Congrats, Tangent, on another victory! In fact, something of a landslide. (also, cute story! :p)

Certainly improvement over the one honorable mention I scooped up last time.
 
Congrats Tangent, looking forward to the next challenge :)

I hope the next writing challenge has a larger word limit. I found that most of the submissions would have been better if the writers had more words to work with.

If I ever win one of these again, I'm going to set a word limit of 5000 :p
 

Nezumi

Member
Congratulation Tangent! Now hurry and put up the next thread :)

I hope the next writing challenge has a larger word limit. I found that most of the submissions would have been better if the writers had more words to work with.

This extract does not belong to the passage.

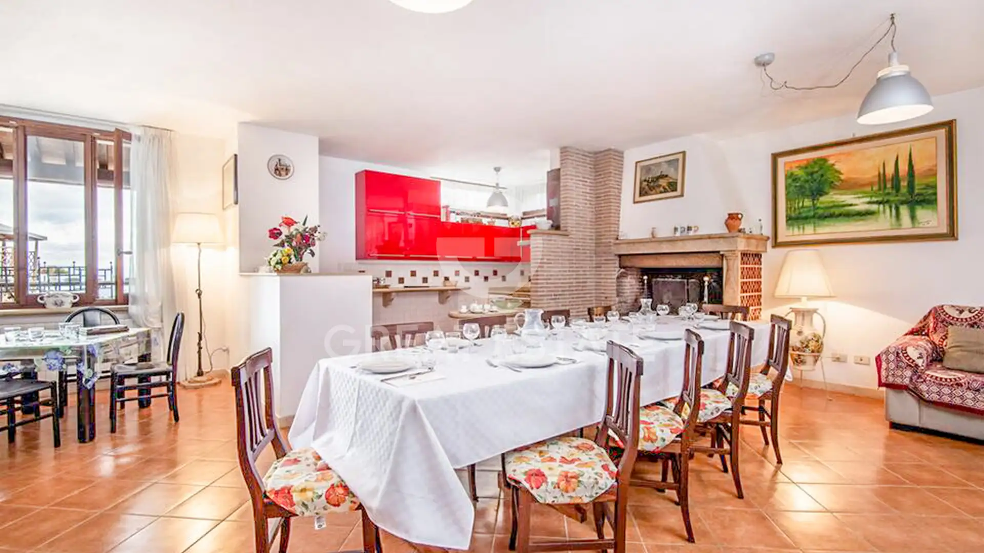 The ground floor, accessible both via an internal staircase and through an independent external entrance, hosts a large and particularly bright reception hall, as well as two bedrooms, each with its own en suite bathroom, designed to ensure comfort and privacy.

Well I have to agree to some degree, but you have to consider that everyone has to read all the stories. At the moment we have around 12-15 entries per thread. If the stories get much longer that would equal to reading a short novel in 3 days. I'm not saying that that is such an impossible thing, but it sure does take some time to read all the stories as it is and I fear that if they get longer people might be more inclined to just skim over them, which wouldn't do the effort the writers have put into them any justice.
Besides I think that writing a story that is complete and coherent while keeping the word count is actually part of the challenge.